Thou shalt ensure that you yourself can solve the task, before expecting an AI to do it. If it’s tricky, make the task simpler.
What, you expect the 7b neurons that can run on your phone to do something you, a human, can’t?!
If thou art making an LLM write a bunch of stuff to justify its answer, have it justify first, before providing the answer.
The moment an LLM says “yes” or “no” the rest of its words will just prop up whatever snap-judgement it made at the start, no matter how right or wrong it is. LLMs do not change their mind in the same response as of yet*. So in your examples, have the LLM refrain from giving its final answers as long as possible.
This is far from exhaustive. There is a lot you can mess up while prompting. But it’s a good start, I think.
Summary
Few-shot examples are the single most powerful technique you have for controlling open-source LLMs. Writing few-shot examples is about iteratively creating a flawless pattern that the AI can complete. Focus on edge cases and place the best/most important stuff at the end. Do this, and you unlock the power of open-source AI: malleable, open-minded, powerful, cheap to use, private.
GPT isn’t the only option.

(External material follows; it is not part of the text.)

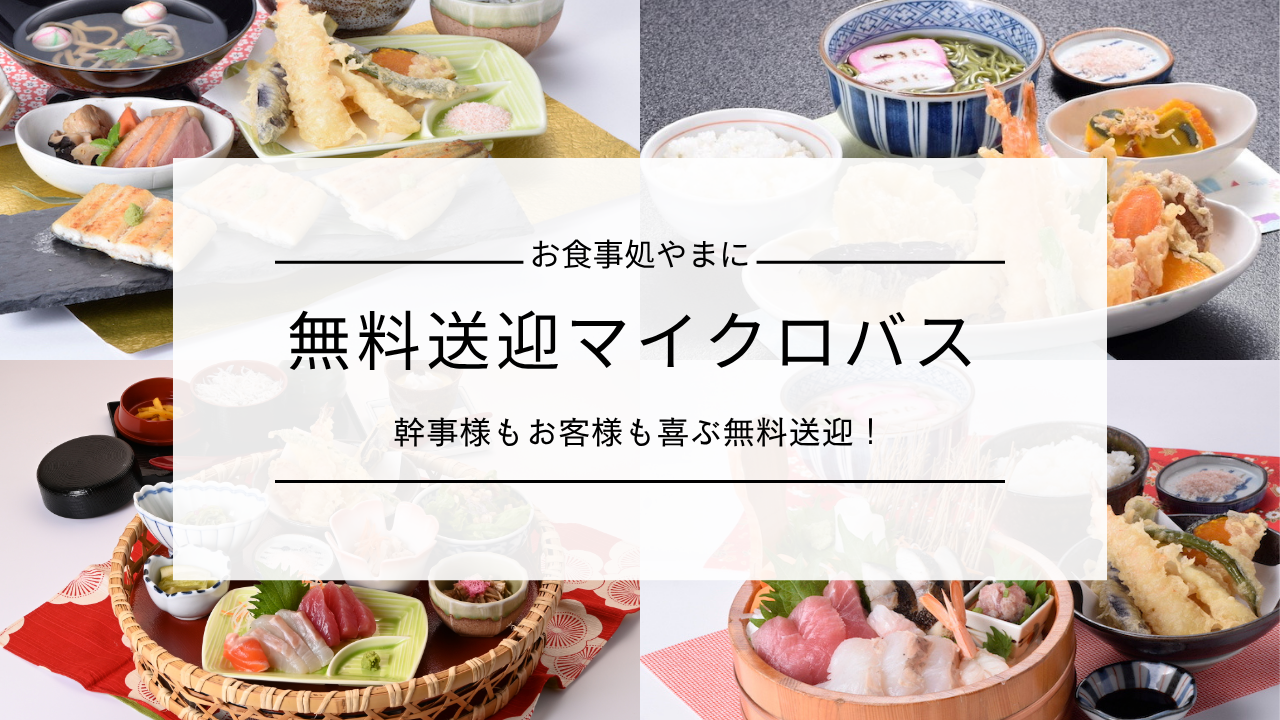 お食事処やまにでは、28名乗りのマイクロバスによる無料送迎サービスを提供しています。

It’s not even better. You just need to use open models the right way.
Happy building!
I hope you enjoyed this longer post format, and my posting on the weekend instead of on Monday. The hope is that it’s easier to read at this time of week. Let me know what you think of the format!
If you want to see some of these prompting techniques in action, you can take a look at the prompts
folder of Augmentoolkit. Question generation, question/answer validation, and multi_turn_assistant_conversation in particular are noteworthy. There’s also a new open-source project I’m working on, for the Verus community, provisionally called Verustoolkit, that has some more modern prompts. You can check out its prompts folder too.
Finally, if you want more posts like this and found this helpful, consider subscribing and sharing!
Alright that’s all for this week. Thanks for reading, have a good one and I’ll see you next time!
This is very helpful. Repurposing errors as new examples is brilliant!
Two questions: Is role playing ("You are a xxx AI)" really useful? What about using first person ("I am a xxx AI")?
Really enjoying your blog so far, very few people study the nuances of prompting like you do.
For making an LLM learn new knowledge that can be applied in diverse tasks, how do you think prompting compares vs. other methods like continued pretraining in terms of response quality? Do you think in-context learning with the prompt achieve the highest quality of learning, and other methods are mainly for cost saving / large scale? Or do you think prompting is a suboptimal way of making an LLM learn new information, even if the information can fit in the context window?
These days, the context window can fit millions of tokens and prompt caching can make them quite cheap, but I'm not sure it's possible to teach an LLM new stuff like a human, simply by patiently explaining how to do things, providing feedback when it makes mistakes, and keeping the full history in the prompt.
Also, what are your thoughts on "infinite context window" algorithms (i.e. linear complexity LLMs)? Will they eventually dominate and replace the finite size attention we use now?